*** Opening of Exercise input ***

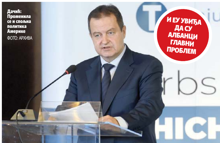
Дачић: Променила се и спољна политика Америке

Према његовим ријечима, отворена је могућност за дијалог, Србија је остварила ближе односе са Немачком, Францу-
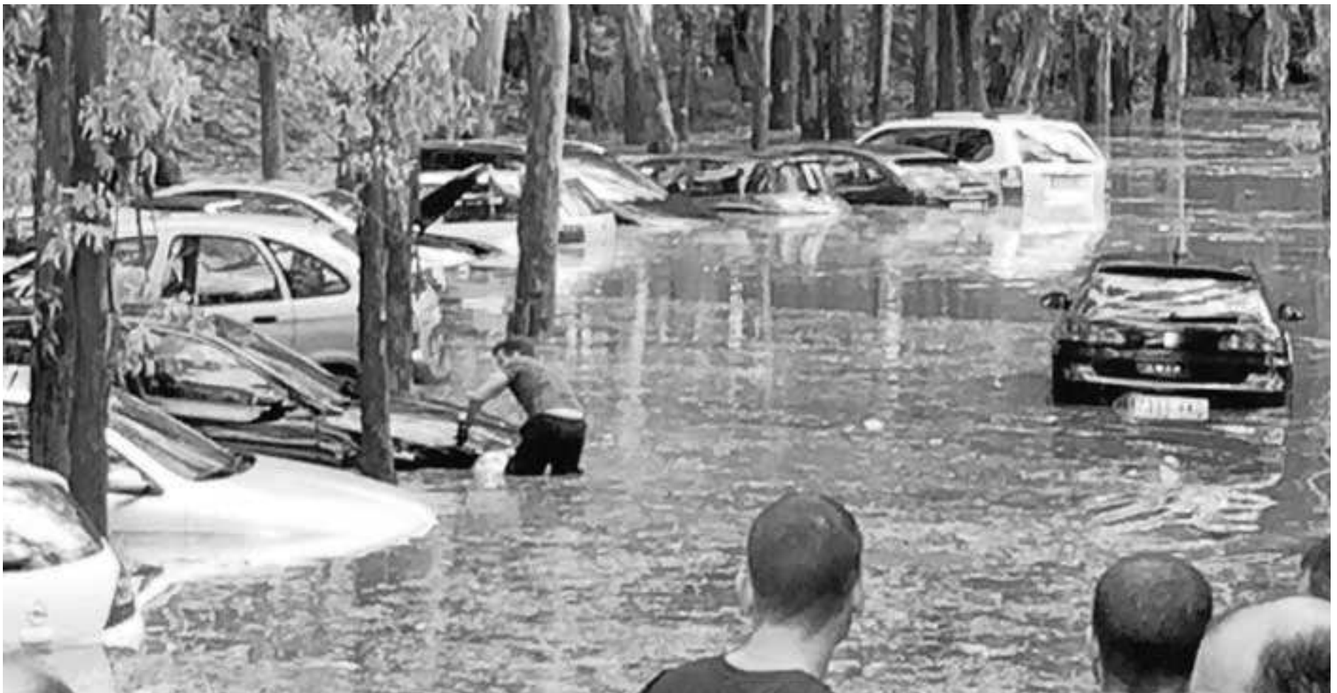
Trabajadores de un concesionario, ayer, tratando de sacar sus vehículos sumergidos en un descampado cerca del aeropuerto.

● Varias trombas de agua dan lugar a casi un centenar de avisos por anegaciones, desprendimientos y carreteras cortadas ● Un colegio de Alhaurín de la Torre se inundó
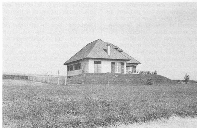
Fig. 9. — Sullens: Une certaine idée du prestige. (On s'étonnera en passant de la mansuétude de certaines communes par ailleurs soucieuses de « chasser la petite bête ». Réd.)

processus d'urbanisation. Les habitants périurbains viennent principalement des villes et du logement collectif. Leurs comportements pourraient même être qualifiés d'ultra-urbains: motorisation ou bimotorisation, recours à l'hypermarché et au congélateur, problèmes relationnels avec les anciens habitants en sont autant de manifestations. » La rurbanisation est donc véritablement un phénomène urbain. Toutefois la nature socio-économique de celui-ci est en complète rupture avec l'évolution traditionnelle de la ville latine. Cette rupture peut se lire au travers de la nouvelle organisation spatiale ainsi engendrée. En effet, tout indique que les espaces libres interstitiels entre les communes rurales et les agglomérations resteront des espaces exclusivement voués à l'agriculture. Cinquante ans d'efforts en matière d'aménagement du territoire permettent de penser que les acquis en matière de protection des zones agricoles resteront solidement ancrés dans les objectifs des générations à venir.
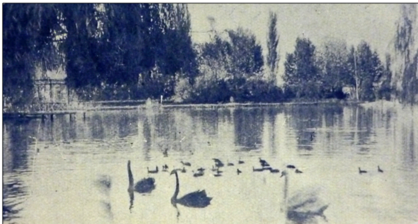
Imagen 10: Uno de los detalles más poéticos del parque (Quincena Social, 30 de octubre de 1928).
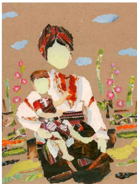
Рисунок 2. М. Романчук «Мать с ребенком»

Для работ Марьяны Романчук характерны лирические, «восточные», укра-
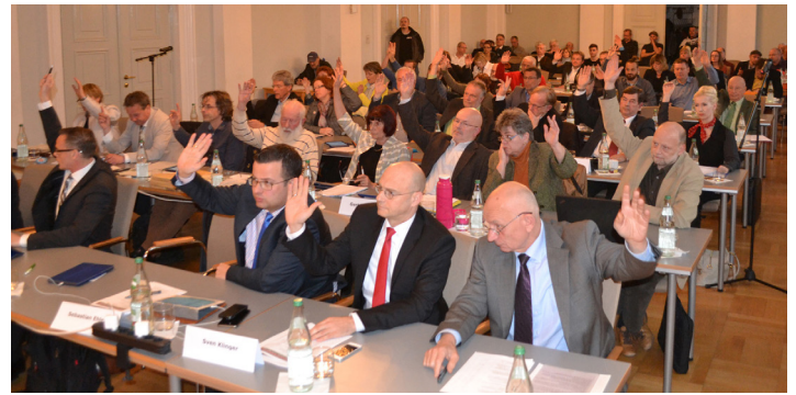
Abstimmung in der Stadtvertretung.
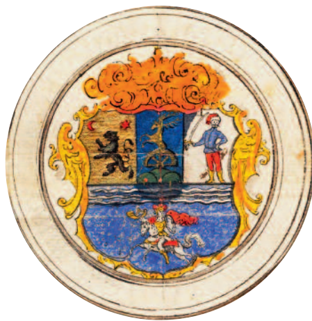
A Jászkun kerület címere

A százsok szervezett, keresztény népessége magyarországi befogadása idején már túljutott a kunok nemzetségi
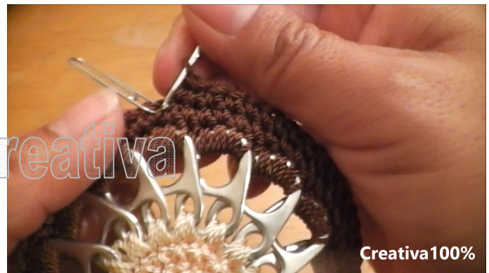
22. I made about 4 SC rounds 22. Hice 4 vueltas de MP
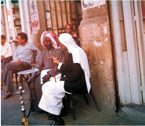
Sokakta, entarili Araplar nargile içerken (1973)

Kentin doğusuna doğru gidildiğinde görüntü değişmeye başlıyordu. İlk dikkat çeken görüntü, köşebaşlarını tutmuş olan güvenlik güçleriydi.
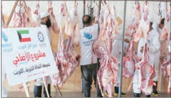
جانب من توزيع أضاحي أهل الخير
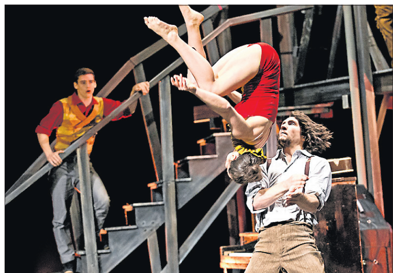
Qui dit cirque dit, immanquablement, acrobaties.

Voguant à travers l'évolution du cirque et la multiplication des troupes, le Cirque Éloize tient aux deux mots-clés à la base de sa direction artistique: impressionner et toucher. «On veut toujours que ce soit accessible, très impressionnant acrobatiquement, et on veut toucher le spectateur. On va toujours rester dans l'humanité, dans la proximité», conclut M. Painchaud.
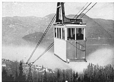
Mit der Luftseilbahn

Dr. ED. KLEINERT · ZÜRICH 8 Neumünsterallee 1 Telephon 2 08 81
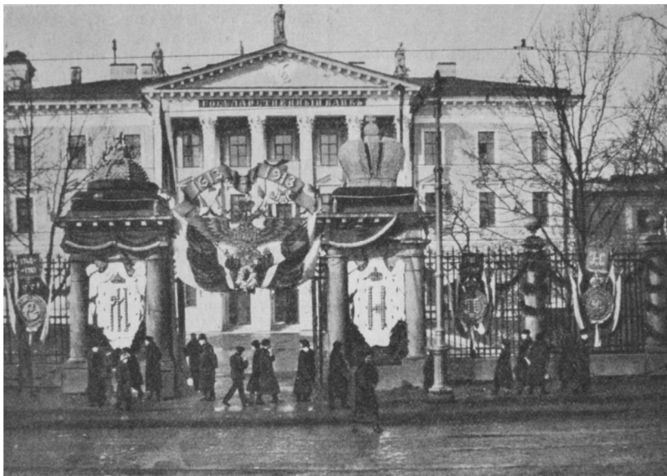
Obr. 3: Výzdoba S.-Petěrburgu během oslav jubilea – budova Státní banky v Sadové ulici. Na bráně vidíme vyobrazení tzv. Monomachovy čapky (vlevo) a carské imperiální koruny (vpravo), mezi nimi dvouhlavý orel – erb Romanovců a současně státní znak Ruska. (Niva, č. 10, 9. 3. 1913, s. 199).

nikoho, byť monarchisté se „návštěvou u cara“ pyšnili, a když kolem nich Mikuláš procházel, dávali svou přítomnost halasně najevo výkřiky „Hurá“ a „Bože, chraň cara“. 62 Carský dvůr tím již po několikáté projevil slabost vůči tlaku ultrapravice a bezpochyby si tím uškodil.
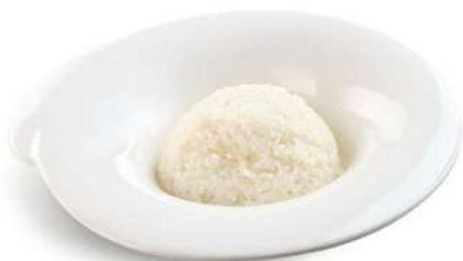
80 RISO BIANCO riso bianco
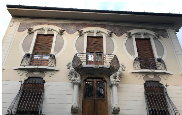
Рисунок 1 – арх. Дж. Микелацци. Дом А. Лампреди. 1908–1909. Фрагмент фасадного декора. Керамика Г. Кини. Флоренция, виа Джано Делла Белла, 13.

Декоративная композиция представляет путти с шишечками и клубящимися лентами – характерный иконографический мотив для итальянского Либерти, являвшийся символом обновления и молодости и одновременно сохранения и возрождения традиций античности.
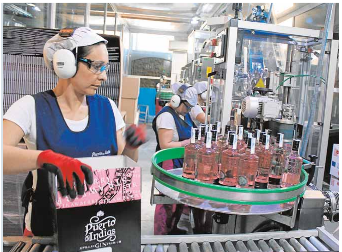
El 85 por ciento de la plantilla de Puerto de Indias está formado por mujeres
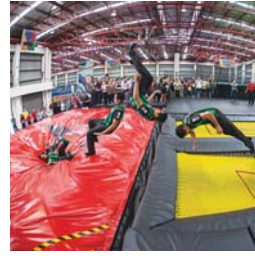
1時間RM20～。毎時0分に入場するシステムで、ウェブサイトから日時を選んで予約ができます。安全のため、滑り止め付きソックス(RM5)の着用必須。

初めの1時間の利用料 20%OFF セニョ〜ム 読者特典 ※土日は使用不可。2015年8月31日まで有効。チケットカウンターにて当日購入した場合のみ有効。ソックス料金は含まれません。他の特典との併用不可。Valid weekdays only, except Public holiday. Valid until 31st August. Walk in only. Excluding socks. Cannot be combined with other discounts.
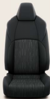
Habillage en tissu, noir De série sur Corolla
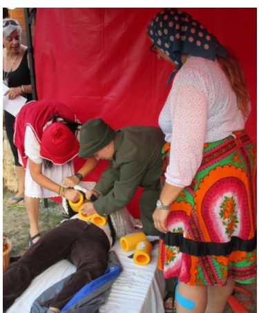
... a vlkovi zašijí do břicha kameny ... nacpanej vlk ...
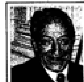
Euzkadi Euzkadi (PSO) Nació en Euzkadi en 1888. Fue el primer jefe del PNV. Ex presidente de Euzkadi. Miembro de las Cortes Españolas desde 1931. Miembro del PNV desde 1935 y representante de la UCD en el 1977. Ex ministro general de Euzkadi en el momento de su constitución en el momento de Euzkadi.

*** Close of Exercise input ***

__Instructions for the task__.
Copy out the material above exactly; the images stay out.

__Written solution__.
Дачић: Променила се и спољна политика Америке

Према његовим ријечима, отворена је могућност за дијалог, Србија је остварила ближе односе са Немачком, Францу-
Trabajadores de un concesionario, ayer, tratando de sacar sus vehículos sumergidos en un descampado cerca del aeropuerto.

● Varias trombas de agua dan lugar a casi un centenar de avisos por anegaciones, desprendimientos y carreteras cortadas ● Un colegio de Alhaurín de la Torre se inundó
Fig. 9. — Sullens: Une certaine idée du prestige. (On s'étonnera en passant de la mansuétude de certaines communes par ailleurs soucieuses de « chasser la petite bête ». Réd.)

processus d'urbanisation. Les habitants périurbains viennent principalement des villes et du logement collectif. Leurs comportements pourraient même être qualifiés d'ultra-urbains: motorisation ou bimotorisation, recours à l'hypermarché et au congélateur, problèmes relationnels avec les anciens habitants en sont autant de manifestations. » La rurbanisation est donc véritablement un phénomène urbain. Toutefois la nature socio-économique de celui-ci est en complète rupture avec l'évolution traditionnelle de la ville latine. Cette rupture peut se lire au travers de la nouvelle organisation spatiale ainsi engendrée. En effet, tout indique que les espaces libres interstitiels entre les communes rurales et les agglomérations resteront des espaces exclusivement voués à l'agriculture. Cinquante ans d'efforts en matière d'aménagement du territoire permettent de penser que les acquis en matière de protection des zones agricoles resteront solidement ancrés dans les objectifs des générations à venir.
Imagen 10: Uno de los detalles más poéticos del parque (Quincena Social, 30 de octubre de 1928).
Рисунок 2. М. Романчук «Мать с ребенком»

Для работ Марьяны Романчук характерны лирические, «восточные», укра-
Abstimmung in der Stadtvertretung.
A Jászkun kerület címere

A százsok szervezett, keresztény népessége magyarországi befogadása idején már túljutott a kunok nemzetségi
22. I made about 4 SC rounds 22. Hice 4 vueltas de MP
Sokakta, entarili Araplar nargile içerken (1973)

Kentin doğusuna doğru gidildiğinde görüntü değişmeye başlıyordu. İlk dikkat çeken görüntü, köşebaşlarını tutmuş olan güvenlik güçleriydi.
جانب من توزيع أضاحي أهل الخير
Qui dit cirque dit, immanquablement, acrobaties.

Voguant à travers l'évolution du cirque et la multiplication des troupes, le Cirque Éloize tient aux deux mots-clés à la base de sa direction artistique: impressionner et toucher. «On veut toujours que ce soit accessible, très impressionnant acrobatiquement, et on veut toucher le spectateur. On va toujours rester dans l'humanité, dans la proximité», conclut M. Painchaud.
Mit der Luftseilbahn

Dr. ED. KLEINERT · ZÜRICH 8 Neumünsterallee 1 Telephon 2 08 81
Obr. 3: Výzdoba S.-Petěrburgu během oslav jubilea – budova Státní banky v Sadové ulici. Na bráně vidíme vyobrazení tzv. Monomachovy čapky (vlevo) a carské imperiální koruny (vpravo), mezi nimi dvouhlavý orel – erb Romanovců a současně státní znak Ruska. (Niva, č. 10, 9. 3. 1913, s. 199).

nikoho, byť monarchisté se „návštěvou u cara“ pyšnili, a když kolem nich Mikuláš procházel, dávali svou přítomnost halasně najevo výkřiky „Hurá“ a „Bože, chraň cara“. 62 Carský dvůr tím již po několikáté projevil slabost vůči tlaku ultrapravice a bezpochyby si tím uškodil.
80 RISO BIANCO riso bianco
Рисунок 1 – арх. Дж. Микелацци. Дом А. Лампреди. 1908–1909. Фрагмент фасадного декора. Керамика Г. Кини. Флоренция, виа Джано Делла Белла, 13.

Декоративная композиция представляет путти с шишечками и клубящимися лентами – характерный иконографический мотив для итальянского Либерти, являвшийся символом обновления и молодости и одновременно сохранения и возрождения традиций античности.
El 85 por ciento de la plantilla de Puerto de Indias está formado por mujeres
1時間RM20～。毎時0分に入場するシステムで、ウェブサイトから日時を選んで予約ができます。安全のため、滑り止め付きソックス(RM5)の着用必須。

初めの1時間の利用料 20%OFF セニョ〜ム 読者特典 ※土日は使用不可。2015年8月31日まで有効。チケットカウンターにて当日購入した場合のみ有効。ソックス料金は含まれません。他の特典との併用不可。Valid weekdays only, except Public holiday. Valid until 31st August. Walk in only. Excluding socks. Cannot be combined with other discounts.
Habillage en tissu, noir De série sur Corolla
... a vlkovi zašijí do břicha kameny ... nacpanej vlk ...
Euzkadi Euzkadi (PSO) Nació en Euzkadi en 1888. Fue el primer jefe del PNV. Ex presidente de Euzkadi. Miembro de las Cortes Españolas desde 1931. Miembro del PNV desde 1935 y representante de la UCD en el 1977. Ex ministro general de Euzkadi en el momento de su constitución en el momento de Euzkadi.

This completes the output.